Silverman Proves She’s No Clown in “I Smile Back”

by Ryan Anderson (@randerson_ryan)

With “I Smile Back,” Sarah Silverman joins the likes of Robin Williams and other standup comics who proved their alacrity with serious material in movies.

Laney (Silverman) is a despicable, self-loathing housewife who engages in repeated acts of debasement to punish herself for wrongdoing. Despite a devoted, loving husband, Bruce (Josh Charles), and two sweet children, Laney follows a spiral of self-destruction aided and abetted by drugs, alcohol, and adultery after she stops taking her prescribed Lithium.

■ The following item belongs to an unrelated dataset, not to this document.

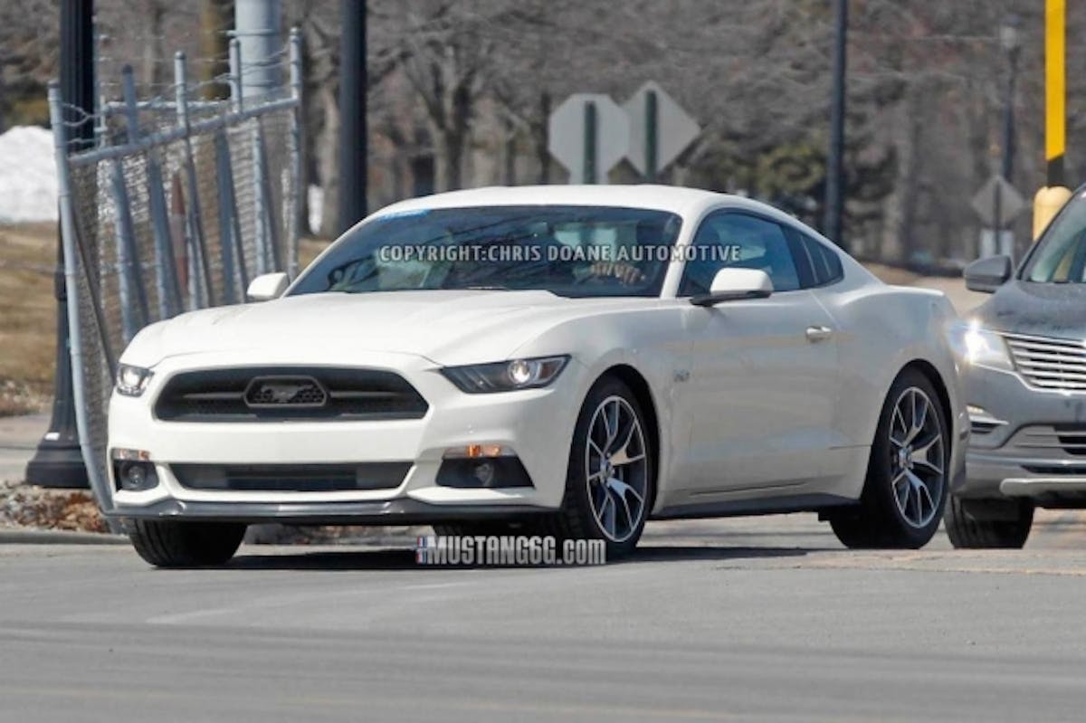 The 2015 Mustang hasn’t even hit Ford dealer showrooms yet, and we’re already seeing spy photos of what is likely the first special edition model. Appropriately that model is in celebration of the car’s 50th anniversary. Show here in photographs sent to us from Mustang6g.com, this particular model has subtle cues to set it apart from standard Mustangs.

The movie itself is a grim, harrowing tale of addiction and upper-middle class ennui, and it provides no real illumination. We’re led to believe Laney’s problems may stem at least in part from her father abandoning the family when she was nine; in the final act, she goes to see him for the first time since he left, discovering he has a wife and a young daughter.

This sends Laney on yet another bender, which is the pattern of the movie. She goes to rehab/detox, seems better, then falls off the wagon. Her father talks about how his mother may have been an addict, she goes straight to the bar. Her son nails his piano recital, she retreats to a bathroom for some cocaine.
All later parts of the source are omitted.